Sorry I can't comment on it either but I had Indy in a Scandi at around 8 months too. I loved how when we went for a run and she galloped back to meet me, all her hair rippled around her jacket and legs  After coat change I'm putting Indy in a CC so I can see those beautifully muscled legs. Anyway Zora is so pretty! Love the ombre effect where she's clearing!


----------



## BorderKelpie (Dec 3, 2011)

I think it's gorgeous!


----------



## brownlikewoah (May 3, 2012)

Thanks guys  lol ombré effect, I love it


Sent from Petguide.com Free App


----------



## MollyMuiMa (Oct 13, 2012)

First off, Zora is gorgeous and I soooo envy the haircut!
Next is my grooming story...... Last week I decided I wanted to put Molly in a "Zora type" haircut and although my groomer has poodles she keeps them in pet clips. Before making an appt I decided to call around to find a all-around poodle specific groomer and found not a single one! So I figured I'd go to the source and call the grooming academies ( there are two but they both are about 40 miles away) I thought they could recommend someone here in San Diego......Well when I spoke to them and told them I was looking for a groomer who could do a Scandinavian ....I got "I've never heard of that clip" WHAAAAT!!!! and even after the person I was speaking to asked the owner of the school SHE didn't know what a Scandinavian or a 2nd Puppy clip was!!! Well I went ahead and made Molly's usual appt and asked her groomer if she could do a Scandanavian and she also didn't know what that was either! So I said "Just a little trim please," with specific instructions! Hahaha! My search will continue!
(meanwhile, my groomer is going to look up what I'm talking about online!)
:banghead::banghead::banghead:


----------



## 3dogs (Nov 3, 2010)

OK here is some critique & no expert here but I am working on the English Version since I like my lines more rounded than the Scandi. I will start with hind end.
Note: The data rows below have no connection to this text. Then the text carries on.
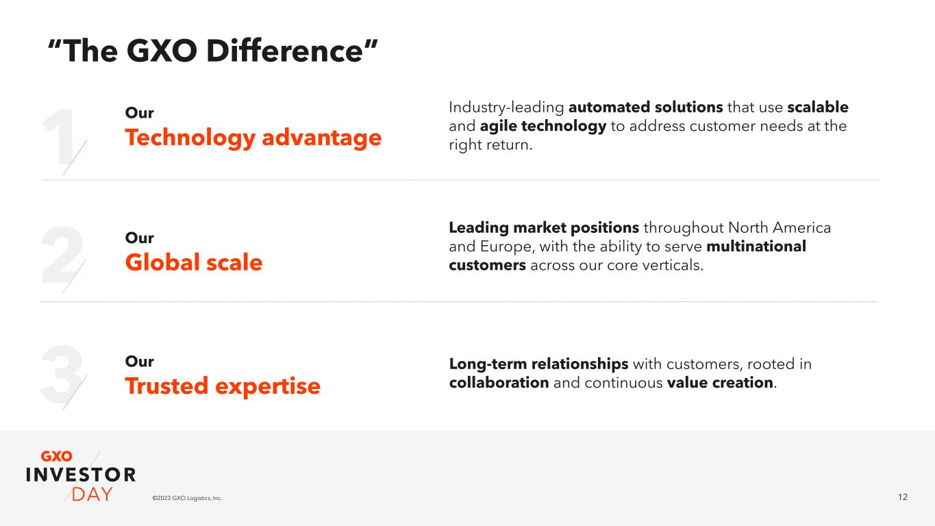 11©2023 GXO Logistics, Inc. A massive and rapidly growing market opportunity 2021 2027 TAM $456 billion1 TAM $660 billion1 $146 billion1 Outsourced market $231 billion1 Outsourced market $8 billion GXO Revenue ~$17 billion Anticipated GXO Revenue +45% +58% +115% 32% outsourced 35% outsourced GXO market share gain of outsourced market ~200bps 1. Based upon third-party research
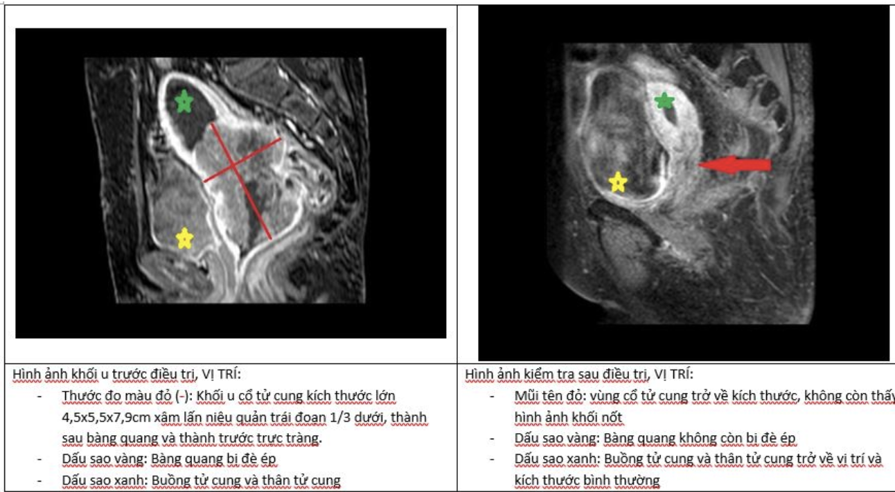 Bác sĩ Duy Anh cho biết điều trị ung thư cổ tử cung giai đoạn muộn không chỉ đối mặt với khối u chính. Trong trường hợp của bệnh nhân này, khối u đă xâm lấn vào niệu quản trái, gây tắc nghẽn và giăn toàn bộ hệ tiết niệu bên trái, dẫn đến nguy cơ suy thận nếu không được xử lư kịp thời.
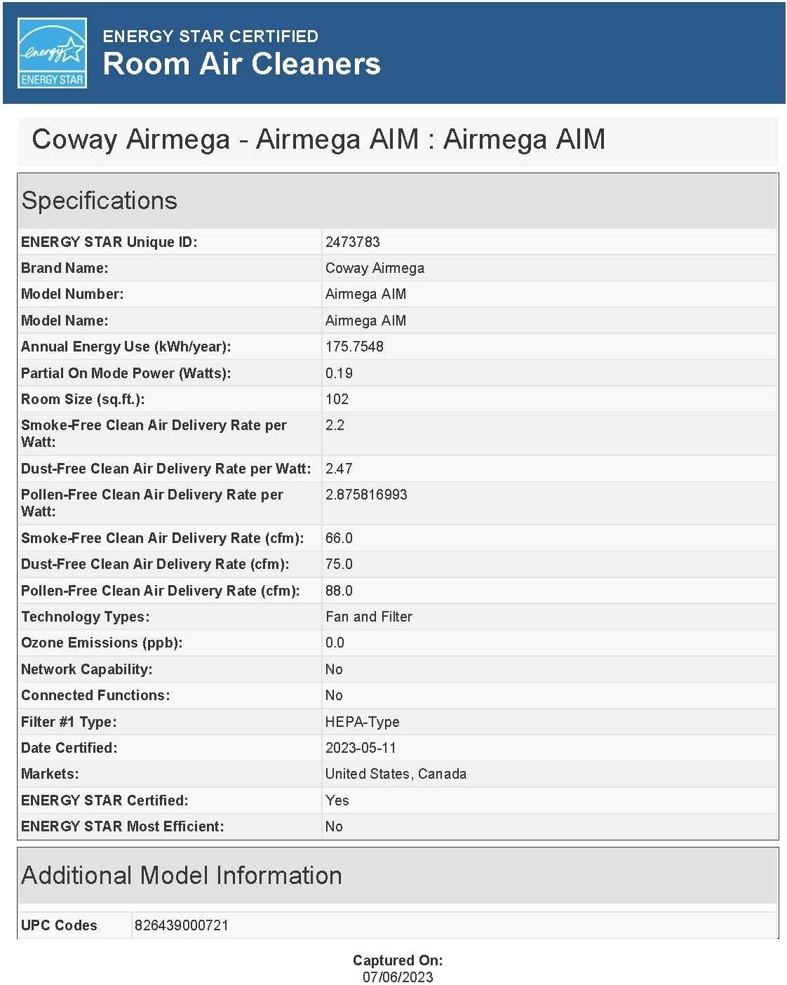 | Special Feature | Smart Mode; Air Quality Monitor; Filter Life Indicator |
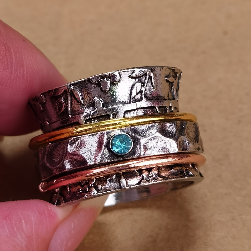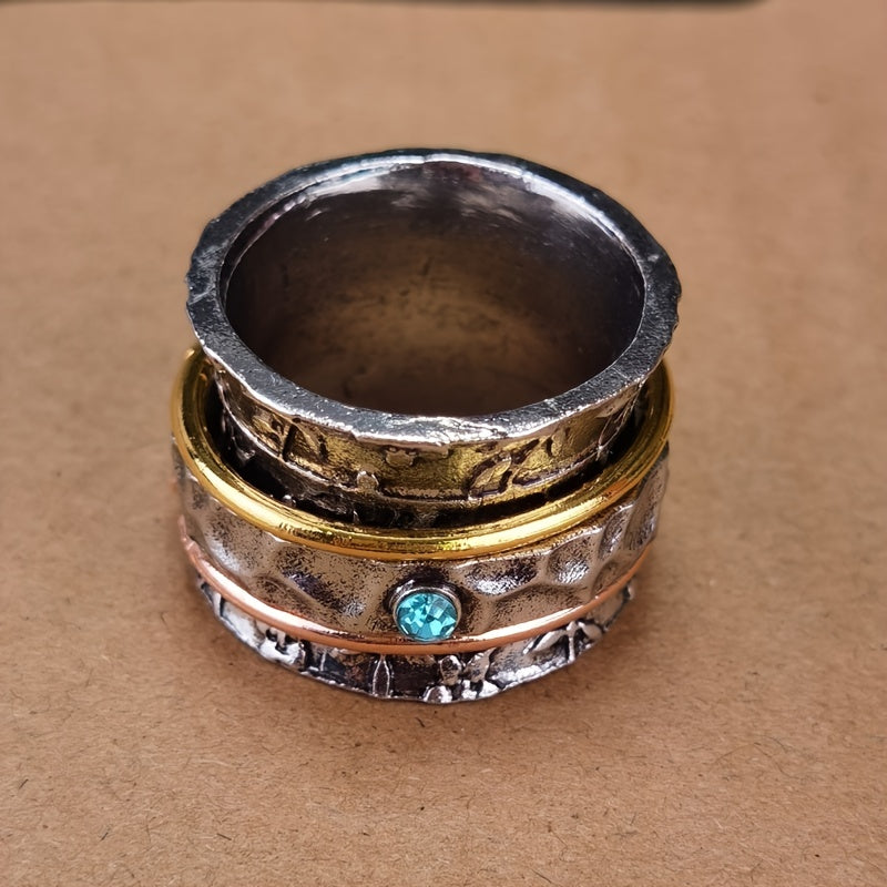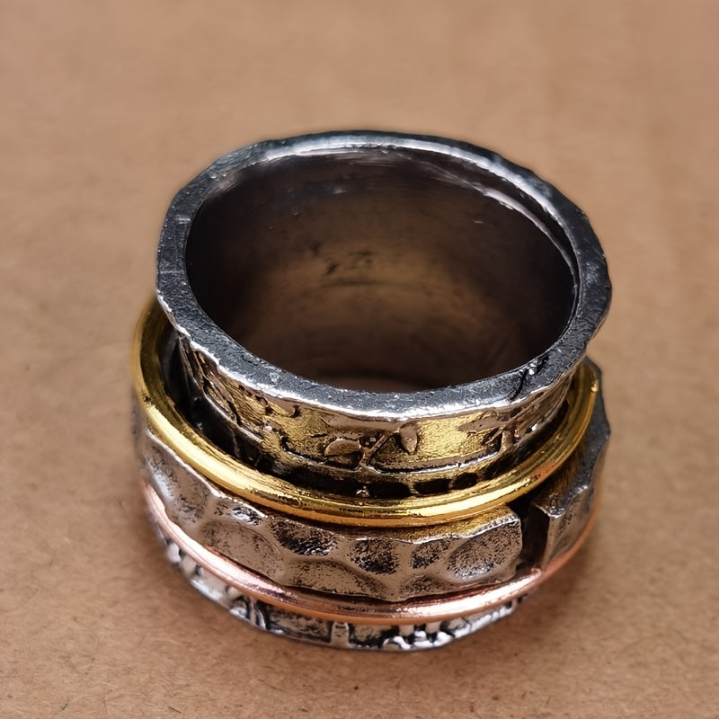 Add a touch of vintage charm with this golden ring featuring intricate detailing. Perfect for adding a stylish accent to your look.
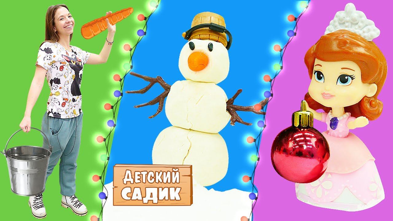 Новый Год для детей: лепим снеговика и готовим печенье из Плей До! Видео с игрушками Детский Садик

Top line looks good but can you tighten since the tail falls off the dog? If the tail is low set then really tighten the top line to give the illusion that it doesn't fall off. 

More hair is needed beyond the tail, just a mild shelf because the Scadi is ALL angles on the hind end. Once you have more hair then tighten below the pin bone to the bend in the leg.

You need much more hair down from that bend & loads more hock hair. More hair needed on the front stifle area & below that point.

Front legs just need more hair. At least with the size of the front pack.

Where the short hair is on the pants area & you start the longer hair on the front pack I think it would look better with just a bit of blending. Less Continental look. Along the top line area, just less sharp & more blending of those two areas.

Since the head is turned it is hard to see the chest but I would take a little more hair off on the belly right at the elbow & round it. Looking a little like an obtuse V versus a half circle.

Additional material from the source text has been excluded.